Sorbic acid starts with two main ingredients: natural gas, cracked to make ethane gas (for C) and methane gas (for D). These change into other forms eventually into methanol(wood alcohol) with a little help from carbon monoxide. Don’t worry-it’s not an ingredient, just a convenient source of chemicals that become part of a complex reaction…the same way it is used to keep your supermarket ground beef looking fresh.Eventually after the whole extended process goes on-you get sugarlike crystals.
A Twinkie’s label always identifies it as “Golden Sponge Cake,” but that gold does not come from a precious metal found in the ground. It comes from a precious liquid found in the ground, sometimes called “black gold.” Yes, Red No. 40 and Yellow No. 5 are made from oil, some processed by European companies, some by domestic companies but most likely from the Chinese petroleum refined in the Yellow River Delta, at the edge of the Yellow Sea.

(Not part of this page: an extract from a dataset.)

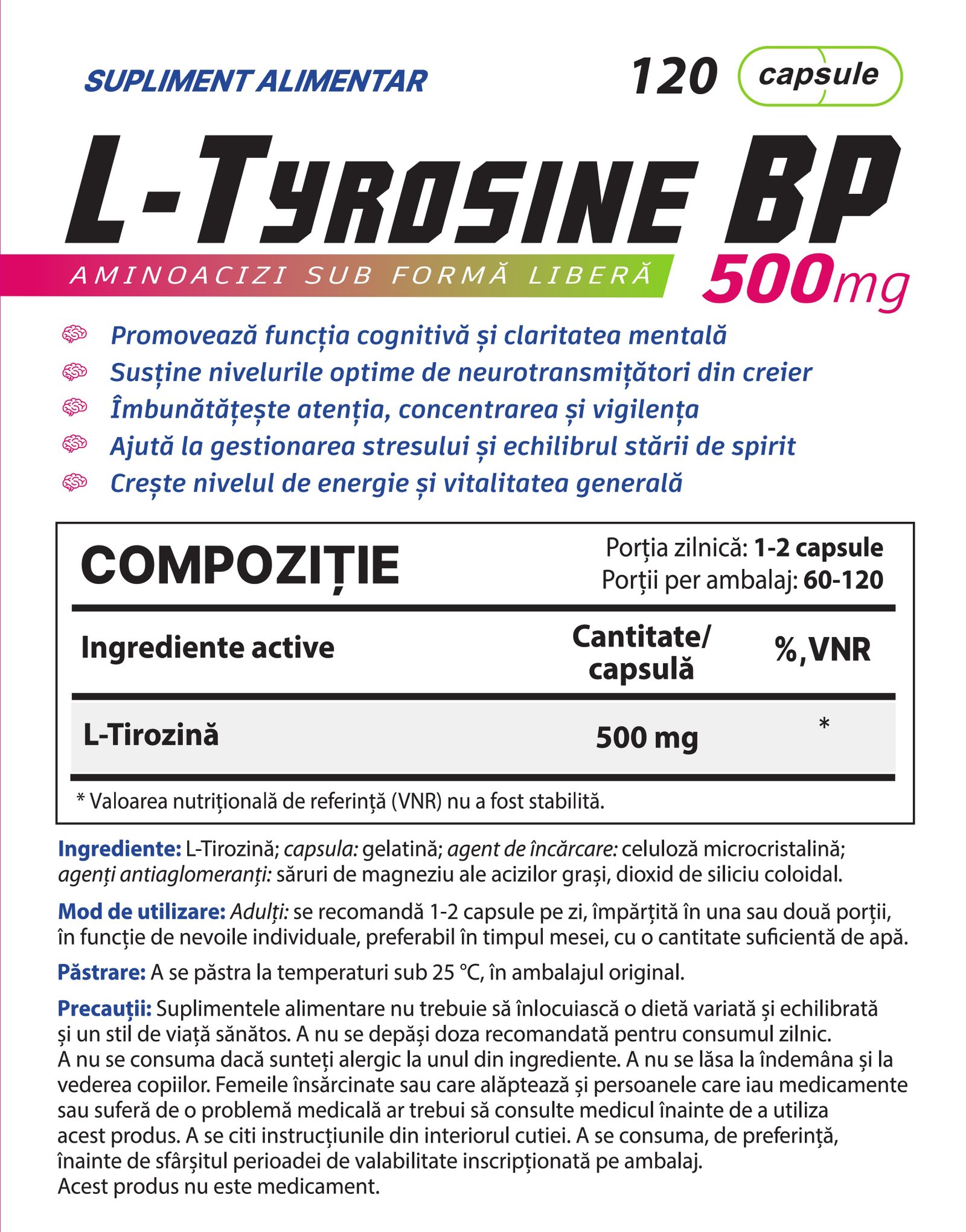 Active ingredient: L-Tyrosine (500 mg per capsule)

Benzene, a colorless, light, flammable oil is one of the first things to come off crude oil when its heated in a refinery ad that is where both artificial red and yellow begin. Benzene is the source of the basic materials for food colors and other dyes as well as products as diverse as solvents, detergents, gasoline(to boost octane and reduce knocking), plastics, perfumes and of course artificial flavorings.